Когда он привел их к себе, уже сумерки спускались, а пока ужинали (Фролов открыл последнюю банку свиной тушенки, спрятанную про запас), пока умывались да стелились, и совсем наступила темнота. Он уложил кого куда: кого к бабке, на ее дырявые перины, кого на печь, кого на свою постель, а сам улегся на полу, по-солдатски: на шинельку, шинелькой же прикрывшись, шинельку под голову положив.
Спал Фролов, по обыкновению, крепко, не просыпаясь, а проснулся на раннем рассвете и лежал в полутьме, в полудреме, слушая, как дышат, посапывают его гости.
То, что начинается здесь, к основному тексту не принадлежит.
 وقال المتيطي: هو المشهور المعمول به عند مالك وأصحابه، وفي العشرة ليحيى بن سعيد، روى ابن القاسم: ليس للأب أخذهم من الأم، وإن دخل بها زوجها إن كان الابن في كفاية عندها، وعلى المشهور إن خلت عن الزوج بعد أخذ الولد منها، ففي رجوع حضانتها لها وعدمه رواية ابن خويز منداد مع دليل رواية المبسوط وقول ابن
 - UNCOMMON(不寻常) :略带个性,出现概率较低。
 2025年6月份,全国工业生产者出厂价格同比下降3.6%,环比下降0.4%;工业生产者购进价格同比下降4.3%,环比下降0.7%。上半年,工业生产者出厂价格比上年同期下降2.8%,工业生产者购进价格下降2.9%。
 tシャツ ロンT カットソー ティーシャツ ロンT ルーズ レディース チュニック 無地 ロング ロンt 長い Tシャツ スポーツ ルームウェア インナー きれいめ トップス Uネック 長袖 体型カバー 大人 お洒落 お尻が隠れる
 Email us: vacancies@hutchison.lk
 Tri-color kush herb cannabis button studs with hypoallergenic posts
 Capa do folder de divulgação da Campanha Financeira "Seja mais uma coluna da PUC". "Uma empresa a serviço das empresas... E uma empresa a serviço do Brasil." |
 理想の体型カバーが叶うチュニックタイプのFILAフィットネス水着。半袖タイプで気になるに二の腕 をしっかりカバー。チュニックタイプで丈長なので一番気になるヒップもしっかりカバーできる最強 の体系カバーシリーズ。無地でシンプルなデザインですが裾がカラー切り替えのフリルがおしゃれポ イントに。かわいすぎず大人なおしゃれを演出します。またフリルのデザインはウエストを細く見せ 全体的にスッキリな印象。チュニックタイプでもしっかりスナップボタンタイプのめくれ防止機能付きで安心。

С кровати сполз Женька, шатаясь, не открывая глаз, держась за стену, побрел к выходу. Он поскуливал тихо, будто щенок: томила малая нужда. Фролов обхватил его за худые, хрупкие плечи и вывел на крыльцо.
Женька писал, а Фролов поддерживал его, чтоб не упал в полусне. Струйка, которую испускал из себя Женька, ударялась обо что-то металлическое — о старую лопату, наверно, — и звенела тихо и нежно, как пуля в полете.
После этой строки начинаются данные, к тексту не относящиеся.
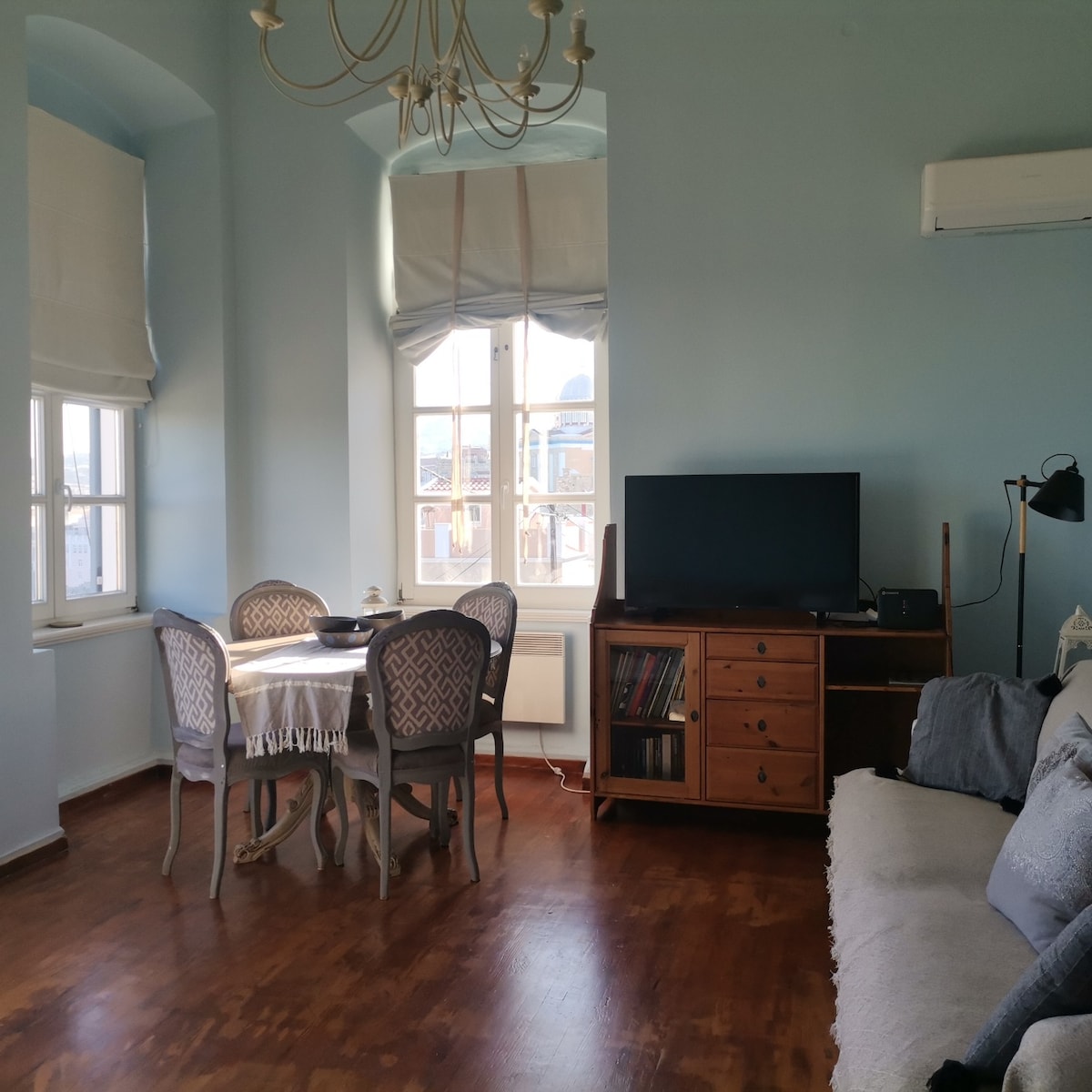 The 1870 listed neoclassical town house lies in the heart of Ermoupolis. The entire second floor, saved for our guests, is a spacious and sunny suite with a spectacular view over the city and the Aegean sea. It consists of 2 bedrooms, 1 bathroom, a living room with access to a balcony and a kitchen. On the third floor is a huge terrace. The space is perfect for families, couples or a group of friends and everything is at a very short walking distance.

— Ну, все? — спросил Фролов, не услышав более звона струи.
Женька простонал что-то в ответ и привалился к Фролову теплым, разомлевшим тельцем. Фролов поднял его, понес в избу. Женька лежал на руках Фролова, запрокинув голову; нога его свисала и болталась. Пахло от Женьки потом, теплом и еще чем-то — то ли молоком, то ли хлебом или нагретой землей, а может, деревом, раскрывшим первые листья. Фролов не мог понять, чем это так хорошо пахнет от Женьки, только чувствовал и знал, что чем-то первозданным, святым. Он поцеловал маленькое, теплое, святое Женькино тельце, в шейку поцеловал и уложил его в постель: пусть досматривает сны.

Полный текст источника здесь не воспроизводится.